SLURM_ARRAY_TASK_ID = get_env_var('SLURM_ARRAY_TASK_ID',0)

SLURM_ARRAY_TASK_ID : 0 (Default)


In [5]:
n_partition = 50
print('# Partitions:', n_partition)

if SLURM_ARRAY_TASK_ID>=n_partition*len(targets):
    sys.exit('Sorry come again ;)')

# Partitions: 50


In [6]:
i_target, i_partition = np.unravel_index(SLURM_ARRAY_TASK_ID, (len(targets), n_partition))
print("Target Sentence Index:", i_target, ' / ', len(targets)-1)
print("Partition Index:", i_partition, ' / ', n_partition-1)

Target Sentence Index: 0  /  9
Partition Index: 0  /  49


In [7]:
target = targets[i_target]
print("Target Sentence:", target)

Target Sentence: I lost my job today


In [8]:
country = 'US'
print('Country:', country)

if 'samuel' in socket.gethostname().lower():
    path_to_data = os.path.join('../../data/classification/',country)
else:
    path_to_data = os.path.join('/scratch/spf248/twitter/data/classification/',country)
print("path to data:", path_to_data)

os.makedirs(os.path.join(path_to_data,'similarity'), exist_ok=True)

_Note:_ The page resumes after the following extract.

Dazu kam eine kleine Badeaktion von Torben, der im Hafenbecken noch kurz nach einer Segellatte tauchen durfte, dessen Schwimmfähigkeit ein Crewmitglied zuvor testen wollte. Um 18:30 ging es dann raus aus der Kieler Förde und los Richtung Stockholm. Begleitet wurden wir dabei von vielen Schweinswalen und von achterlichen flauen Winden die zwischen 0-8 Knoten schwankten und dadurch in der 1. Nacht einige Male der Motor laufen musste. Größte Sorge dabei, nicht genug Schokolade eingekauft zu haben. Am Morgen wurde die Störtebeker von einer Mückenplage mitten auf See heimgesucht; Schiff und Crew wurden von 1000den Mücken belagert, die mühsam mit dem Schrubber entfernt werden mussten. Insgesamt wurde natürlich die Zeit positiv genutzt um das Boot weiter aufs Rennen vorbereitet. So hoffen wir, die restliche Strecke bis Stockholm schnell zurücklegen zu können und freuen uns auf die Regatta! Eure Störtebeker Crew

output_file  = 'target-'+str(i_target)+'-partition-'+str(i_partition)+'.csv'
print("output file:", output_file)

if os.path.exists(os.path.join(path_to_data,output_file)):
    sys.exit('Let"s go for a walk!')

Country: US
path to data: ../../data/classification/US
output file: target-0-partition-0.csv


In [9]:
frac = 1.0
print('Sampling:', frac*100,'%')

Sampling: 1.0 %


In [10]:
# Default
max_seq_length = 128
print('max_seq_length:', max_seq_length)

max_seq_length: 128


In [11]:
# Default
BATCH_SIZE = 32
print('BATCH_SIZE:', BATCH_SIZE)

BATCH_SIZE: 32


# Load Data

In [12]:
start = timer()

files_filtered=list(np.array_split(sorted(glob(os.path.join(path_to_data,'filtered','*.parquet'))),n_partition)[i_partition])
print('Import Files:')
print('\n'.join(files_filtered))
print('# Files:', len(files_filtered))

tweets_filtered=pq.ParquetDataset(files_filtered).read().to_pandas().set_index('tweet_id')['text']
print('# Tweets Containing At Least One Keyword:', tweets_filtered.shape[0])

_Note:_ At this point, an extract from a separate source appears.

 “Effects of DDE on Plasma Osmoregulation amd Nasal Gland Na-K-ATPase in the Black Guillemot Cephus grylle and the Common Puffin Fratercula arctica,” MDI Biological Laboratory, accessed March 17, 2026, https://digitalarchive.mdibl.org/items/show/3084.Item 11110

print("Done in", round(timer()-start), "sec")

Import Files:
../../data/classification/US/filtered/part-00000-8b187f2d-a1f8-446d-845c-ad55c236e103-c000.snappy.parquet
# Files: 1
# Tweets Containing At Least One Keyword: 9111
Done in 0 sec


In [13]:
start = timer()

files_random=list(np.array_split(sorted(glob(os.path.join(path_to_data,'random','*.parquet'))),n_partition)[i_partition])
print('Import Files:')
print('\n'.join(files_random))
print('# Files:', len(files_random))

tweets_random=pq.ParquetDataset(files_random).read().to_pandas().set_index('tweet_id')['text']
print('# Random Tweets:', tweets_random.shape[0])

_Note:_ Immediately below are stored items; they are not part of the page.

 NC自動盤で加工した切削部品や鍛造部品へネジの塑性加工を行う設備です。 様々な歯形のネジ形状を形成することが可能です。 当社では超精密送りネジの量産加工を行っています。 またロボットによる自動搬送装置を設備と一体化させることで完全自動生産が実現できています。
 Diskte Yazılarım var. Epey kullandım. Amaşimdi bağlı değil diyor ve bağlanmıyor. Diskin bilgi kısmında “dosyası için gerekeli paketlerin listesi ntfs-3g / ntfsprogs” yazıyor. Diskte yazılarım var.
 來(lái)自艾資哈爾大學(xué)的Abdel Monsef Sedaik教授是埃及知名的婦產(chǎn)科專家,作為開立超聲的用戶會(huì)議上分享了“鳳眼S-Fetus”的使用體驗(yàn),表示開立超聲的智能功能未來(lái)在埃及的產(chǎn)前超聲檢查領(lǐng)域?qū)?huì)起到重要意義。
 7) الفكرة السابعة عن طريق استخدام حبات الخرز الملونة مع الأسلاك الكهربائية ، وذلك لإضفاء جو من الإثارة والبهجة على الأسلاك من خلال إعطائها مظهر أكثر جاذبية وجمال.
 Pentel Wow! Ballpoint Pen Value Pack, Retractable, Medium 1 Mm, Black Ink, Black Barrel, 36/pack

print("Done in", round(timer()-start), "sec")

Import Files:
../../data/classification/US/random/part-00000-ee5d86d2-6cc0-4365-82d3-7693f30340c7-c000.snappy.parquet
# Files: 1
# Random Tweets: 8667
Done in 0 sec


In [14]:
print('Partition Data...')
start = timer()

data=pd.concat([tweets_filtered,tweets_random]).sample(frac=frac,random_state=0).copy()
print('# Tweets Sampled:', data.shape[0])
del tweets_filtered, tweets_random

print("Done in", round(timer()-start), "sec")

Partition Data...
# Tweets Sampled: 178
Done in 0 sec


In [15]:
data.apply(len).quantile(0.95)

262.2500000000001

In [16]:
data.head()

tweet_id
1035899433400000512    RT @nyssabarfield: If another girl got your at...
1016808169560002560    RT @DavidBegnaud: The officer in this video - ...
1050222272743698432    @politico Nikki Haley isn't as stupid as the N...
1042124258703421440    @CBS4Dom @RobCBS4 Beautiful @RobCBS4! Always g...
1029291462633172992    @StormyDaniels So are you going to tell us wha...
Name: text, dtype: object

# Load Model

In [17]:
device = torch.device("cuda" if torch.cuda.is_available() else "cpu")
device

device(type='cpu')

In [18]:
tokenizer = BertTokenizer.from_pretrained("bert-base-uncased", do_lower_case=True)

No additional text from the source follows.